El 85% de la humanidad
no puede pagar sus medicinas. Gracias a la presión de la sociedad civil, a los
medicamentos genéricos y a resoluciones judiciales dictadas en algunos países
emergentes que tratan de hacer efectivo el derecho a la salud, las farmacéuticas
empiezan a rebajar los precios en los países más pobres
Desde hace más de una década se conocen los tratamientos
necesarios para que los enfermos de SIDA puedan llevar una vida casi
normal. A pesar de que se ha convertido en una enfermedad crónica en los países
del Norte, gracias al avance en la investigación de antirretrovirales, más de
dos millones de personas mueren cada año a causa del SIDA, la mayoría en
países pobres.
Uno de los efectos del poder que ejercen las multinacionales
farmacéuticas, capaces de decidir qué enfermedades y qué enfermos merecen curas.
Empresas que anteponen sus intereses comerciales al derecho a la vida que tiene
todo ser humano. Imponen la “ley del dinero”, porque sólo quien tiene dinero
para pagar puede obtener los medicamentos que necesita para combatir sus
enfermedades.
Esta forma de poder, conocida como farmacocracia, es
consecuencia de la globalización de la pobreza y del imparable crecimiento de
las desigualdades. En un mundo con 2.000 millones de personas que viven con
menos de 1,5 euros al día, la lógica del mercado con la que actúan estas
empresas deja sin medicamentos al 85% de la humanidad que no puede pagar sus
fármacos.
La industria farmacéutica trata a los enfermos en función de
sus posibilidades económicas.

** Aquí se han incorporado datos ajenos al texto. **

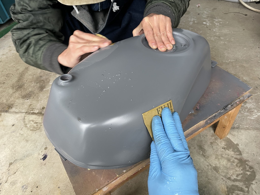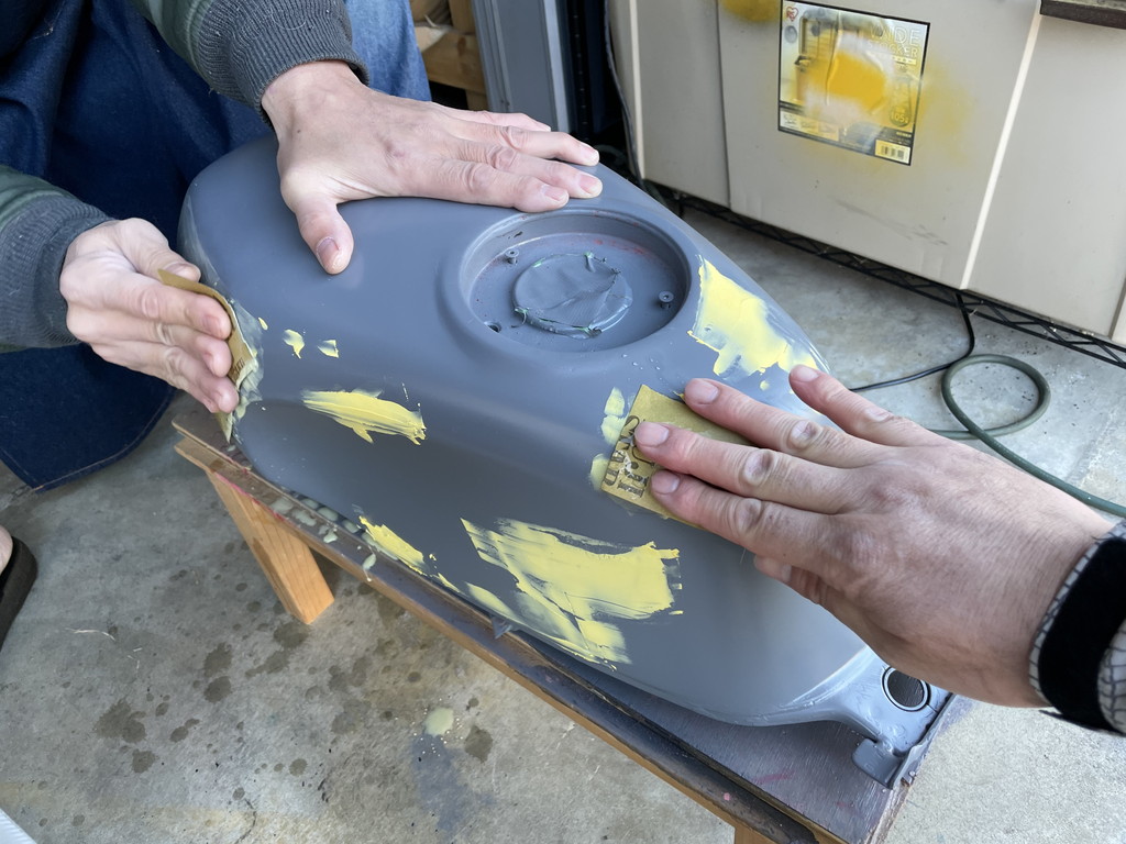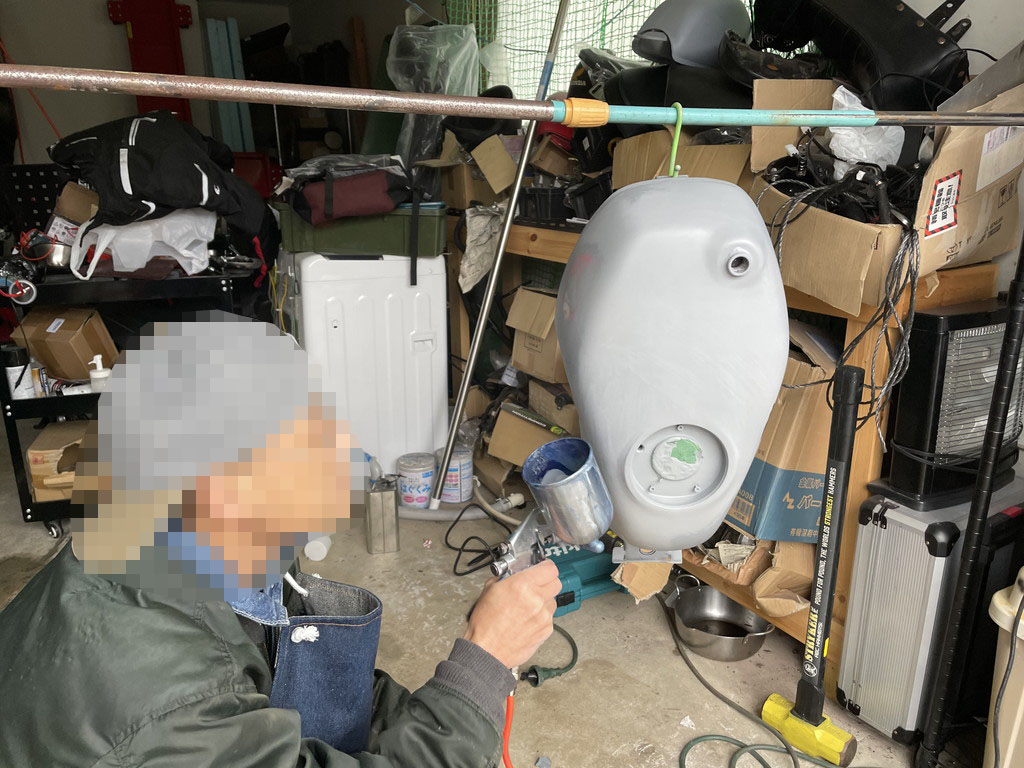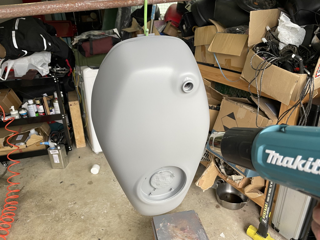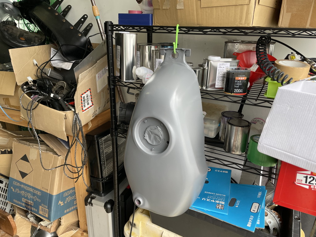 翌週に猫ガレージを訪れたら目の前にテキトーな感じにパテ盛りされたタンクがありました。

Las personas que viven en los países del Norte, el
15% de la población mundial con mayor nivel y esperanza de vida, consume el 90%
de los medicamentos.
La causa de esta diferencia entre el consumo de medicinas
entre ricos y pobres la podemos encontrar también en el dinero que las
farmacéuticas dedica a las enfermedades de unos y de otros. El 90% del
presupuesto dedicado por las farmacéuticas para la investigación y el desarrollo
de nuevos medicamentos destina a enfermedades que padecen sólo un 10% de la
población mundial. De 163 moléculas aprobadas entre 1999 y 2004, sólo tres eran
para las conocidas como enfermedades olvidadas.
Las multinacionales se escudan en el gran coste que supone
para ellos el proceso de investigación y de distribución de las medicinas. Pero
las organizaciones sociales critican el sobrecosto que la publicidad y la
comercialización producen en el precio de los medicamentos. No se pide la
gratuidad de los medicamentos para todo el mundo; sólo que los más pobres no
tengan que pagar más que el precio de costo, que sean los ciudadanos de los
países ricos quienes paguen los beneficios económicos que pretenden los
accionistas de estas empresas a cambio de que los 2.000 millones de personas que
no tienen acceso a medicinas puedan tratar sus enfermedades.
Gracias a la presión ejercida por la sociedad civil, a la
competencia de los medicamentos genéricos y a resoluciones judiciales dictadas
en algunos países emergentes que tratan de hacer efectivo el derecho a la salud,
la industria farmacéutica ha comenzado a ceder.
En el año 2003, en Doha, la Organización Mundial del Comercio
(OMC) admitió el derecho de un país a saltarse la patente de un
medicamento, que pertenece a la compañía que lo descubre durante 20 años, en
caso de “emergencia humanitaria”. Desde entonces, países como Brasil e India no
han respetado la patente de medicamentos cuyo precio era muy elevado y han
ganado en los tribunales las demandas interpuestas contra ellos por
Merck y Novartis. Los tratamientos contra el SIDA, que en el Norte
cuestan 8.000 euros al año, se pueden encontrar en estos países a menos de 300
gracias a la victoria judicial y al uso de genéricos. Esto, a su vez, ha
obligado a las empresas farmacéuticas a reducir los precios. Las leyes del
mercado les han obligado a comercializarlos a precio de coste.
La salud de las personas gana
terreno al beneficio económico de unos pocos. Los precios caen ante la presión
ejercida por aquellos que reclamamos el derecho a la salud que tiene todo ser
humano, por rico o pobre que sea. Este derecho, reconocido en la Declaración
Universal de los Derechos Humanos, se desprende del derecho a la vida. Pequeñas
victorias de la sociedad civil, como las que se están consiguiendo en el campo
de la salud, nos animan a seguir en nuestra tarea de denunciar la injusticia.